Baca Juga: Resmi disahkan oleh DPR RI, sembilan mahasiswa FH UI menggugat UU TNI ke MK
Setelah membacakan poin-poin utama RUU, Puan dua kali meminta persetujuan dari peserta rapat, "Apakah RUU perubahan UU 34/2004 tentang TNI dapat disetujui menjadi undang-undang?" Para anggota DPR pun serempak menjawab, "Setuju."
Namun, tidak semua pihak menyambut revisi ini dengan baik. Agus Widjojo, seorang purnawirawan jenderal yang aktif dalam reformasi militer pascareformasi, mengkritik RUU TNI ini karena dianggap berpotensi mengembalikan militer ke masa lalu.

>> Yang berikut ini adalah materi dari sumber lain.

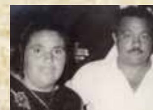
פדידה ז'ורז'ט ושלום

"Lingkungan yang masih menginginkan dwifungsi militer cukup kuat," ujar Agus dalam wawancara via telepon dari Manila.
Menurutnya, keterlibatan militer dalam urusan sipil dapat merusak independensi TNI dan menjadikannya alat politik. "Politik bisa mencampuri urusan tentara dan tidak menghargai independensi mereka. Ini merupakan langkah mundur bagi TNI," tambahnya.
Baca Juga: Warganet serukan aksi mogok bayar pajak usai pengesahan UU TNI oleh DPR RI saat rapat paripurna
Di sisi lain, DPR dan pemerintah berulang kali membantah bahwa RUU ini akan menghidupkan kembali peran militer dalam ranah sipil. Wakil Ketua Komisi I DPR, Dave Laksono, menegaskan bahwa anggapan tersebut tidak benar.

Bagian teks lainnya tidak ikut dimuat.